**Work item**
Only the pictures are to be left out; write out the rest of the data exactly.

**Data records**
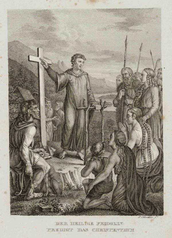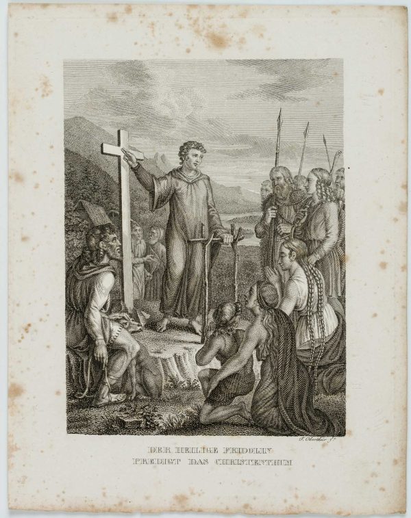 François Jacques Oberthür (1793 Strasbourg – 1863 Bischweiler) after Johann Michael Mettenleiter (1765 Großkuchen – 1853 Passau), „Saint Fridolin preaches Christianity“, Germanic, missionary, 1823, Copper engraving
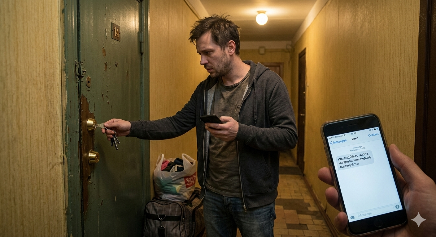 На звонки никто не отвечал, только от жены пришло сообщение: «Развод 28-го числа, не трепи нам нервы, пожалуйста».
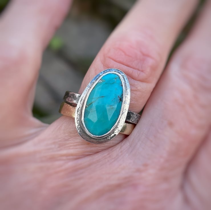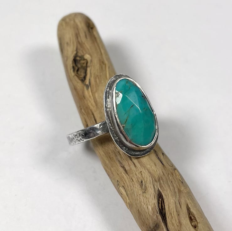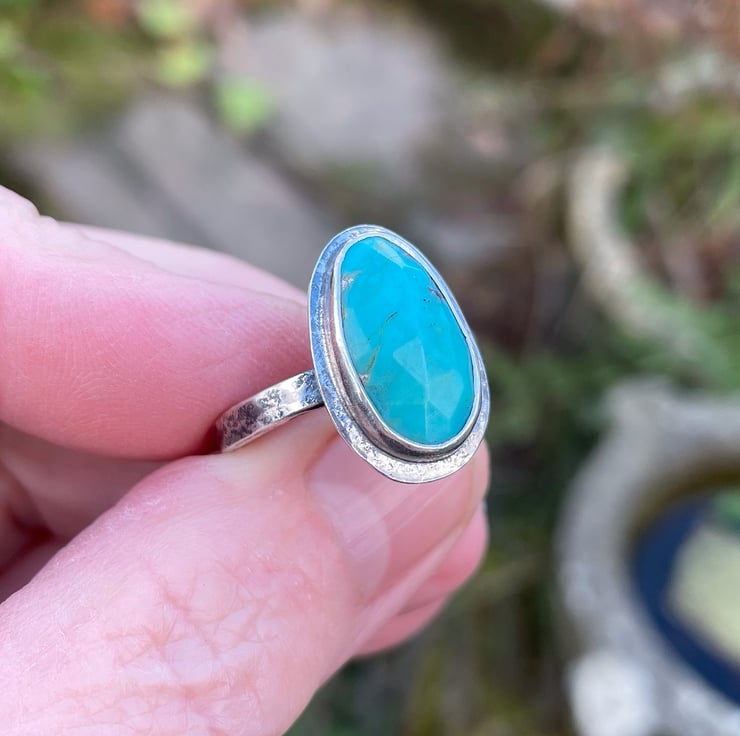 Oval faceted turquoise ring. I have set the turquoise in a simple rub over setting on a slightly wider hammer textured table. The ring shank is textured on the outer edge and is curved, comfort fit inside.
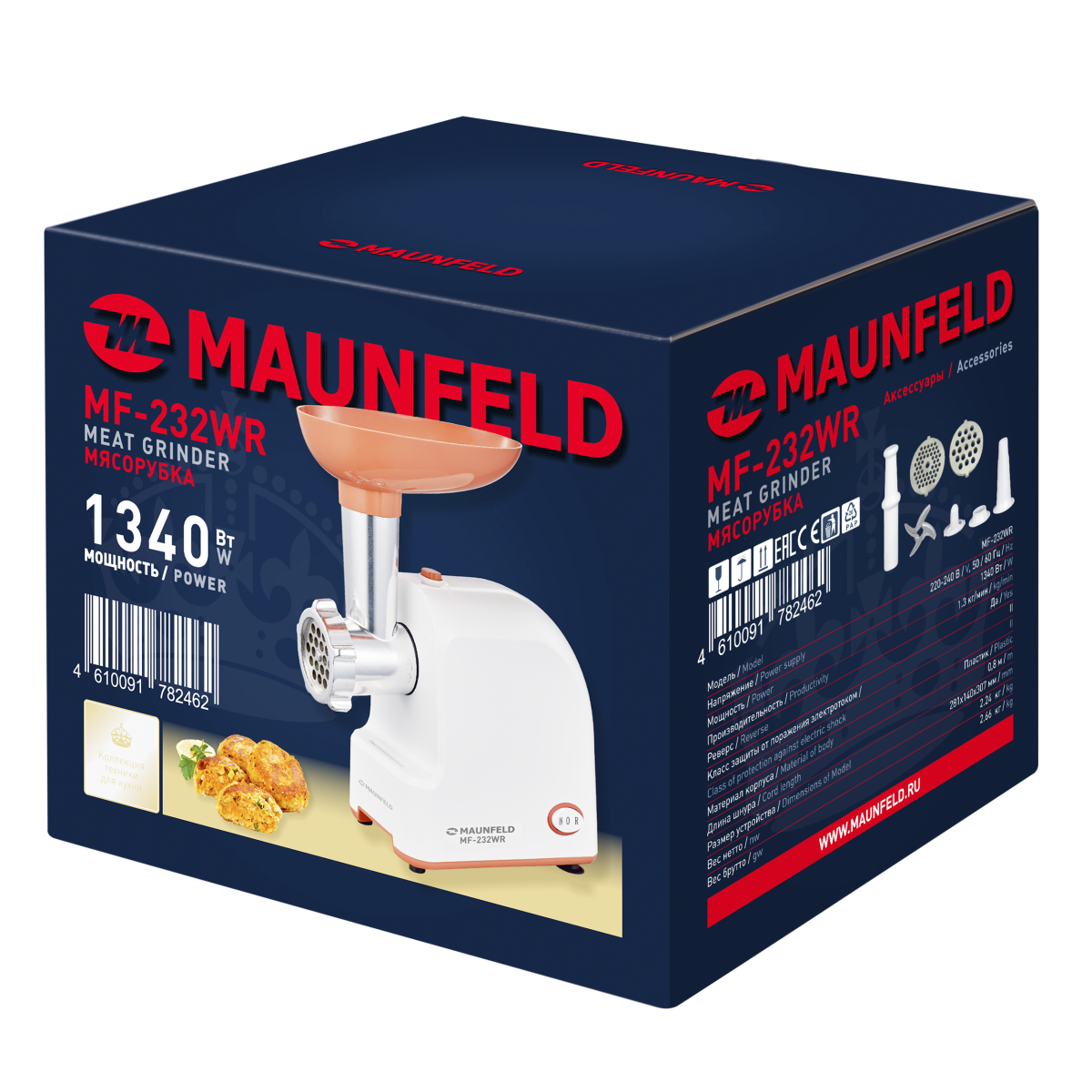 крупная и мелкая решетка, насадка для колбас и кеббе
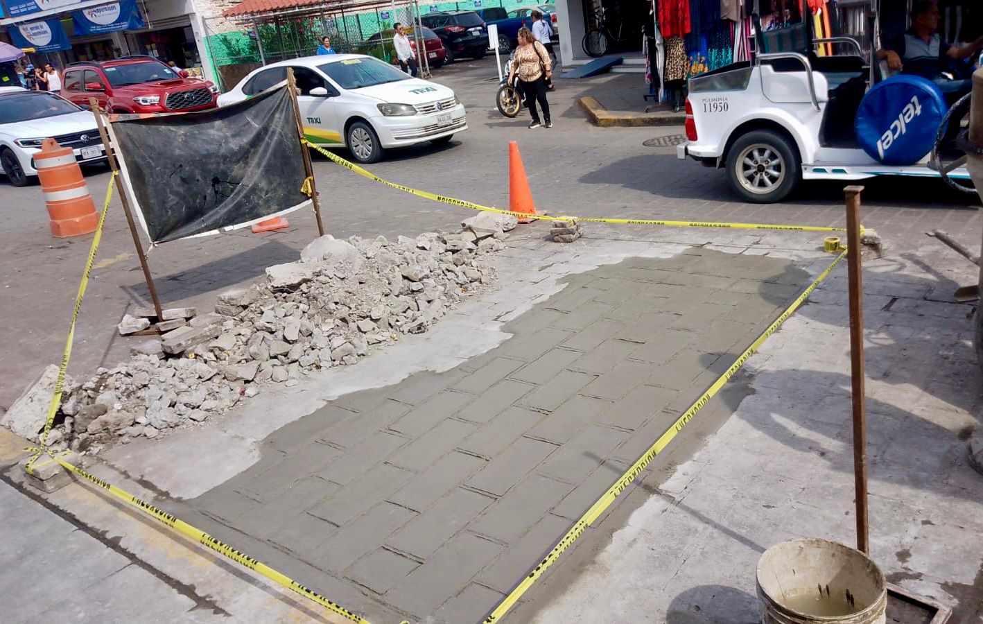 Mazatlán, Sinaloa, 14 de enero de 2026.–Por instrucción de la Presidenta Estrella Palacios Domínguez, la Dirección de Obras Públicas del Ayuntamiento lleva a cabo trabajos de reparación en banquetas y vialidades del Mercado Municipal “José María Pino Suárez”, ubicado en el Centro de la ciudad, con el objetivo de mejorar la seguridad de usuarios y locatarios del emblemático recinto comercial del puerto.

**Response to this exercise**
 François Jacques Oberthür (1793 Strasbourg – 1863 Bischweiler) after Johann Michael Mettenleiter (1765 Großkuchen – 1853 Passau), „Saint Fridolin preaches Christianity“, Germanic, missionary, 1823, Copper engraving
 На звонки никто не отвечал, только от жены пришло сообщение: «Развод 28-го числа, не трепи нам нервы, пожалуйста».
 Oval faceted turquoise ring. I have set the turquoise in a simple rub over setting on a slightly wider hammer textured table. The ring shank is textured on the outer edge and is curved, comfort fit inside.
 крупная и мелкая решетка, насадка для колбас и кеббе
 Mazatlán, Sinaloa, 14 de enero de 2026.–Por instrucción de la Presidenta Estrella Palacios Domínguez, la Dirección de Obras Públicas del Ayuntamiento lleva a cabo trabajos de reparación en banquetas y vialidades del Mercado Municipal “José María Pino Suárez”, ubicado en el Centro de la ciudad, con el objetivo de mejorar la seguridad de usuarios y locatarios del emblemático recinto comercial del puerto.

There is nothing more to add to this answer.